The NEOGEO is a cult classic favorite console that still holds dear in people’s hearts today. However, as consoles continue to age and cartridges begin to falter, we are looking towards an all-digital future. The ACA NEOGEO ports on Xbox, Nintendo, and PlayStation systems are a solution to those factors, and for the most part, they’re shown in their full glory with a few caveats here and there. Today, we’ll be looking at the port of Puzzle Bobble 2 (Bust A Move 2) on the PS4 (played on PS5).
The ACA NEOGEO ports are technically from the arcade versions that will likely reap higher-quality graphics than their console counterparts. It includes four different modes with Puzzle Bobble 2: Japanese, English, Hi-Score Mode, and Caravan Mode. The Original Mode in both Japanese and English play just like the standard version, which comes with both the arcade run through and endless puzzles. The Hi-Score Mode challenges you to get the best score against the online leaderboard and make it to the end of the game without saving. Lastly, Caravan Mode has you trying to get the best score within five minutes of booting up the game against the leaderboard. The two new modes of play are fun diversions to the overall experience and add something new for diehard players of the ACA NEOGEO games.
The Screen options disappoint
When you first boot up an ACA NEOGEO game on the PS4 or PS5, it will give you a handy screen of what each input is on the controller. You can study it before dropping into this cute puzzler or whatever NEOGEO game you are playing. Before jumping into the game, press the touchpad button to get into the variety of options available. This is where the port begins to show its cracks.

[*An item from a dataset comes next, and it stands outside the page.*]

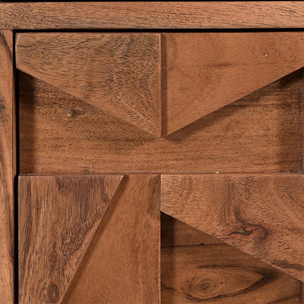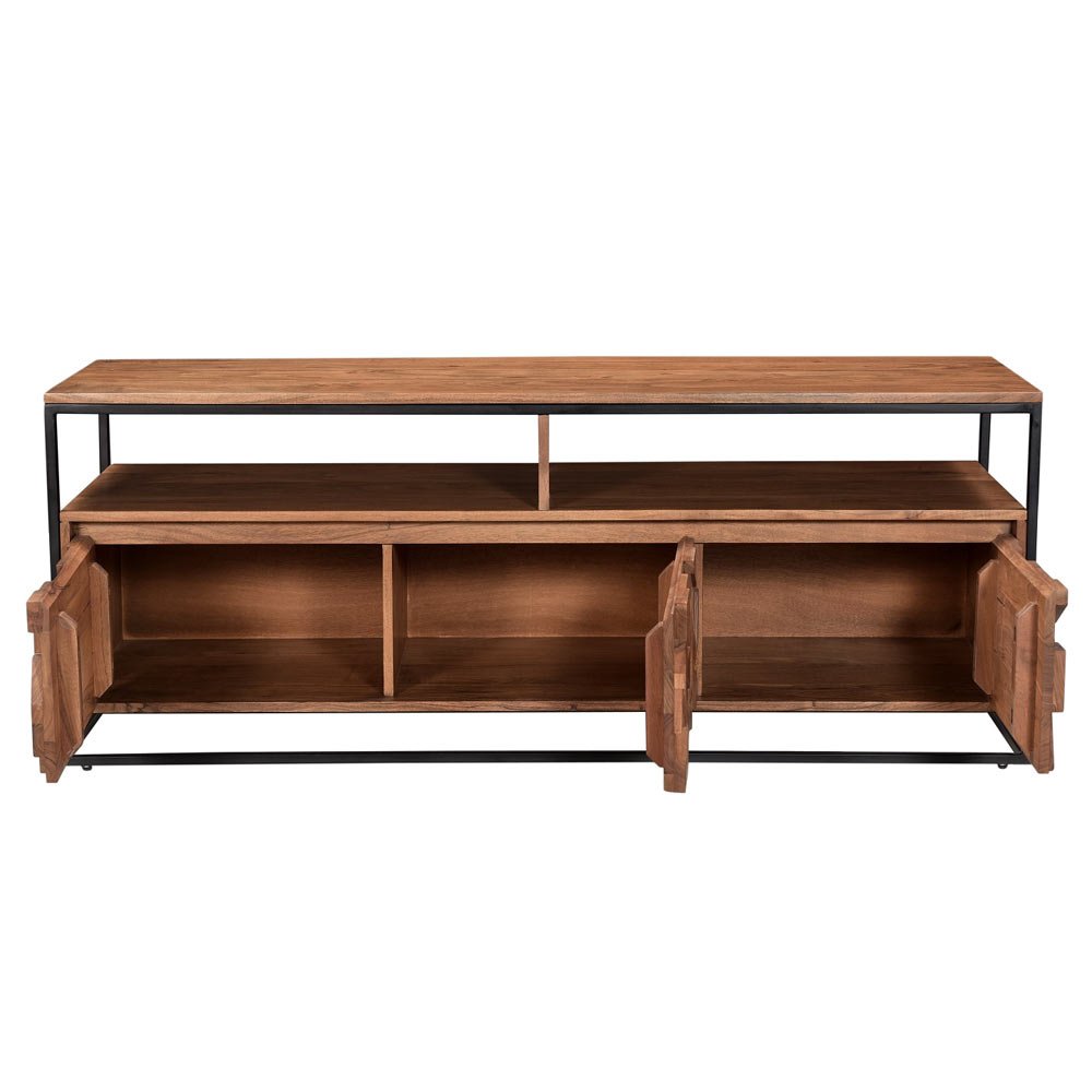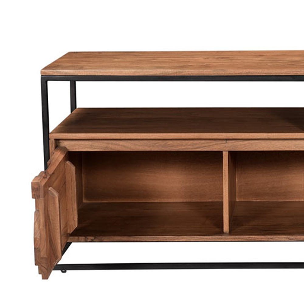 The Atticus range has a cool loft living vibe with its bold metal framing and carved Acacia wood. The block design is carved in such a way to offer different levels and shapes to allow the light to highlight different sections creating a unique conversation piece.
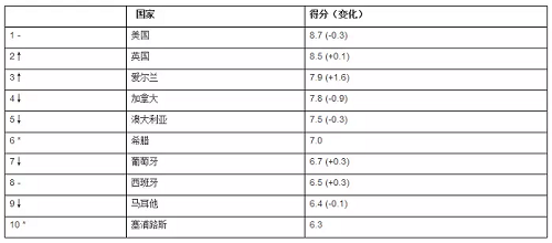 2.2018中國(guó)移民指數(shù)Top10國(guó)家

From the Display Settings menu, you can alter the position, size, and even the orientation of the display to your liking, It certainly looks horrendous if you set it to widescreen, so don’t do that. Next, you can change the wallpaper and screen filters, which unfortunately fall short. The wallpaper the port supplies isn’t themed to Puzzle Bobble 2 at all with a bland black and grey design you could probably find in Microsoft PowerPoint. Thankfully, you can leave it blank. Meanwhile, the screen filters are simply scanlines that some can take or leave. You can change the intensity of the scanlines through six different variations. The latter three has a moving scanline like an old school VHS. It looks pretty neat but it would be distracting during an intense ACA NEOGEO game.
Another issue I found while playing Puzzle Bobble 2 is that the default screen setting has the image slightly cut off on the sides. It was disappointing but it can be somewhat mediated. On Display Settings, you can toggle “Display wider screen” on. While it shows the complete image, you’ll get some offputting grey scanlines. It would have been nice if these were cut off, but this could be due to the original arcade format.
The game thankfully runs well and has some great options
Thankfully, despite these issues, Puzzle Bobble 2 runs smoothly on the PS4 and PS5. All my inputs were precise and the game didn’t have any hiccups in terms of frame rate. The music also plays just as I remember from playing the game on the Nintendo 64 unlike the awful AtGames version of Sonic The Hedgehog on its plug-and-play machine Rerez played. This port even has audio settings that lets you adjust the sound quality with Average, High-range Up, and Bass Up options alongside reverb.
The ACA NEOGEO port on the PS4 and PS5 also lets you customize your button inputs, which is great for those who have arcade sticks. In addition, you can change the game to your liking as it has the following settings included:
- Difficulty (Level 1-8)
- Continues or No Continues
- 2P Battle on or off
- Reset scores and rankings
The ports also come with a decent manual that explains the mechanics and controls of the game in great detail. It doesn’t beat having one physically, but we’ll take it. Unfortunately, multiple save states aren’t available in these NEOGEO offerings. Instead, you can create interrupt save data that boots up where you were at the launch of the game. It’s not the best, but at least there’s an option to save our progress.
Overall, the ACA NEOGEO ports are decent attempts at bringing this classic library back to life with the image and audio quality intact alongside online functionality and customizable button layouts. Unfortunately, the lack of save states and decent screen options slightly sour the nostaglic experience.